[Saved data entries]
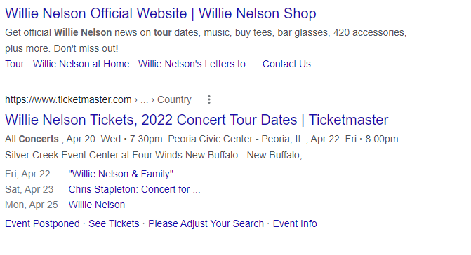Here’s an example of schema markup for a concert. Notice how, in addition to the normal title and description, this search engine result also includes a list of dates and locations for Willie Nelson concerts:
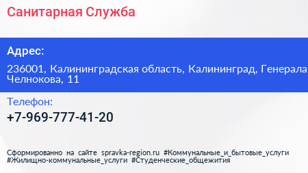 Санитарная Служба по адресу 236001, Калининградская область, Калининград, Генерала Челнокова, 11 в дальнейшем Организация, размещена в следующих категориях:
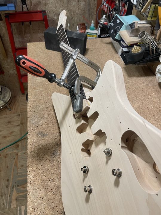 ストラトはボリュームなどのコントロールが右手によく当たるのがストレスでした。ですからいつもの慣れた距離感に配置。角度と距離感は他のオリジナルギターたちと同じ値になっています。
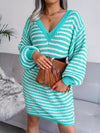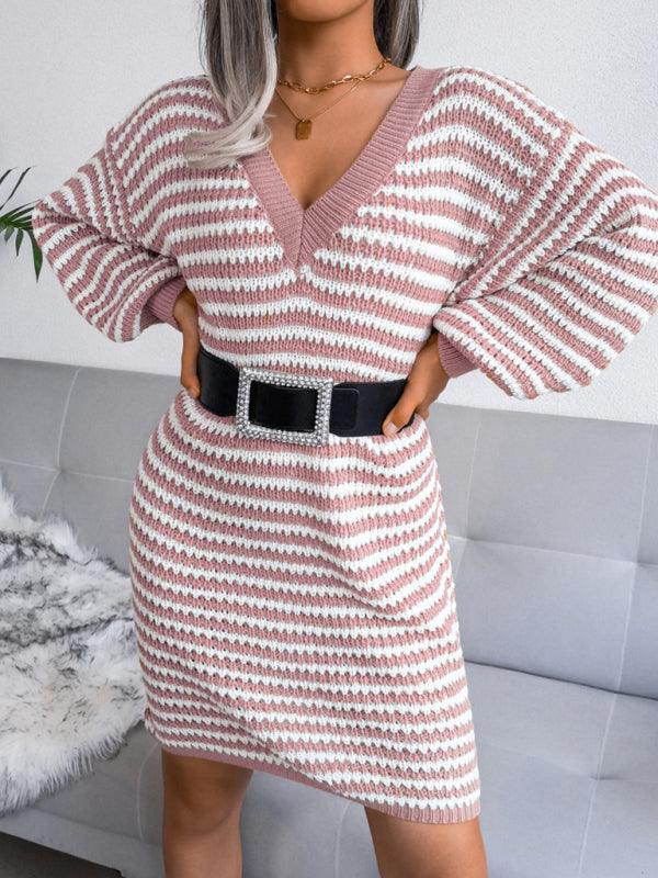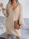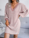 Deze stijlvolle mini jurk met V-hals en gestreept patroon biedt een comfortabele pasvorm en een trendy uitstraling. Ideaal voor zowel casual als semi-formele gelegenheden, met een elastische taille voor extra comfort.
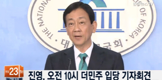 새누리당 공천배제 후 탈당한 3선의 진영 의원이 더불어민주당에 합류했다.
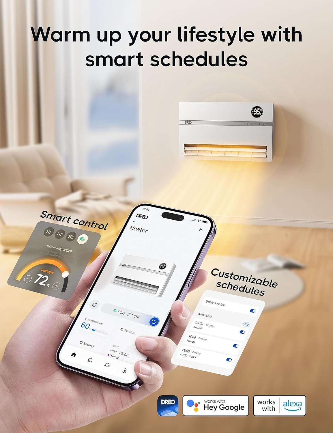 The Dreo Smart Wall Heater is a powerful 1500W electric space heater designed for bedrooms and indoor spaces, offering 120° vertical oscillation to evenly distribute warmth. With smart controls via the Dreo app, Alexa, and Google Home, you can easily customize your heating schedule and settings from anywhere. Featuring ultra-quiet operation, precise temperature control, and user-friendly installation, this DREO heater is perfect for efficient, hassle-free comfort in rooms up to 200 sq. ft. as a primary source—making it an ideal upgrade for any home.
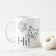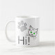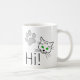 Son texte et les dessins d'un chat visage avec les yeux verts et une patte. Bonjour aux chats. Mug de café amusant pour n'importe qui. Personnalisable . Vous pouvez modifier l'image.
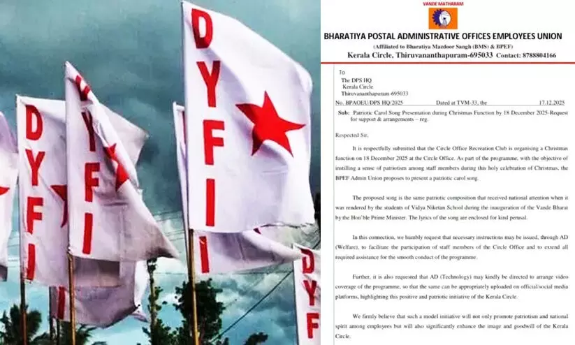 പോസ്റ്റൽ ആസ്ഥാനത്തെ ക്രിസ്മസ് പരിപാടിയിൽ ആർ.എസ്.എസ് ഗണഗീതം; രൂക്ഷ വിമർശനവുമായി ഡി.വൈ.എഫ്.ഐ
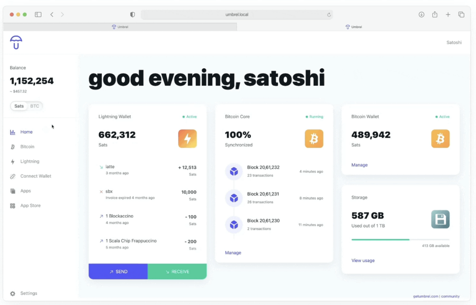 Obviously we are using Umbrel's latest release Umbrel 0.4 — "A Personal Server OS for Everyone,"as our Lightning OS. I chose this one because most podcasters will be able to understand it right out of the box. Umbrel makes everything really easy. The user interface is so beautiful and quite wonderful to use.
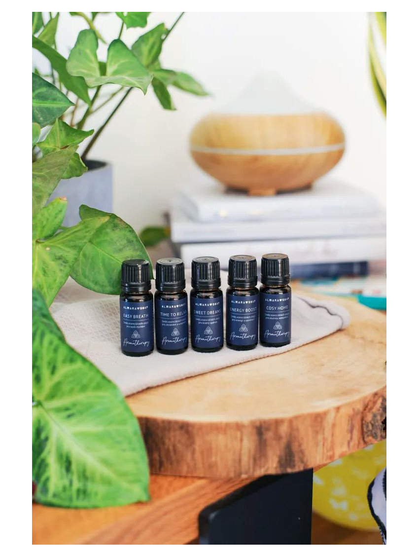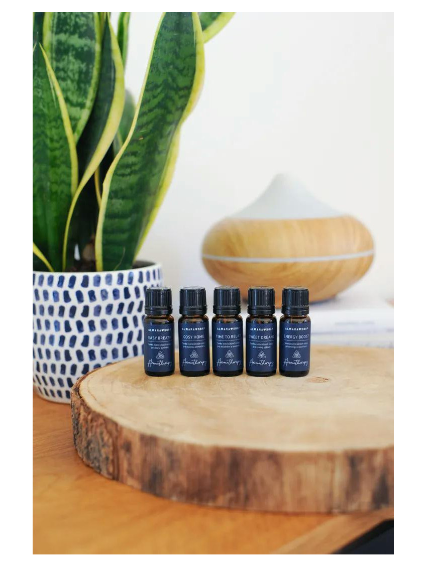 Směs esenciálních olejů pro navození útulné atmosféry domova.

• _INSTRUCTIONS FOR THE TASK_: Go through the records above and write out every line exactly, passing over the pictures.

• _YOUR SOLUTION_:
Here’s an example of schema markup for a concert. Notice how, in addition to the normal title and description, this search engine result also includes a list of dates and locations for Willie Nelson concerts:
 Санитарная Служба по адресу 236001, Калининградская область, Калининград, Генерала Челнокова, 11 в дальнейшем Организация, размещена в следующих категориях:
 ストラトはボリュームなどのコントロールが右手によく当たるのがストレスでした。ですからいつもの慣れた距離感に配置。角度と距離感は他のオリジナルギターたちと同じ値になっています。
 Deze stijlvolle mini jurk met V-hals en gestreept patroon biedt een comfortabele pasvorm en een trendy uitstraling. Ideaal voor zowel casual als semi-formele gelegenheden, met een elastische taille voor extra comfort.
 새누리당 공천배제 후 탈당한 3선의 진영 의원이 더불어민주당에 합류했다.
 The Dreo Smart Wall Heater is a powerful 1500W electric space heater designed for bedrooms and indoor spaces, offering 120° vertical oscillation to evenly distribute warmth. With smart controls via the Dreo app, Alexa, and Google Home, you can easily customize your heating schedule and settings from anywhere. Featuring ultra-quiet operation, precise temperature control, and user-friendly installation, this DREO heater is perfect for efficient, hassle-free comfort in rooms up to 200 sq. ft. as a primary source—making it an ideal upgrade for any home.
 Son texte et les dessins d'un chat visage avec les yeux verts et une patte. Bonjour aux chats. Mug de café amusant pour n'importe qui. Personnalisable . Vous pouvez modifier l'image.
 പോസ്റ്റൽ ആസ്ഥാനത്തെ ക്രിസ്മസ് പരിപാടിയിൽ ആർ.എസ്.എസ് ഗണഗീതം; രൂക്ഷ വിമർശനവുമായി ഡി.വൈ.എഫ്.ഐ
 Obviously we are using Umbrel's latest release Umbrel 0.4 — "A Personal Server OS for Everyone,"as our Lightning OS. I chose this one because most podcasters will be able to understand it right out of the box. Umbrel makes everything really easy. The user interface is so beautiful and quite wonderful to use.
 Směs esenciálních olejů pro navození útulné atmosféry domova.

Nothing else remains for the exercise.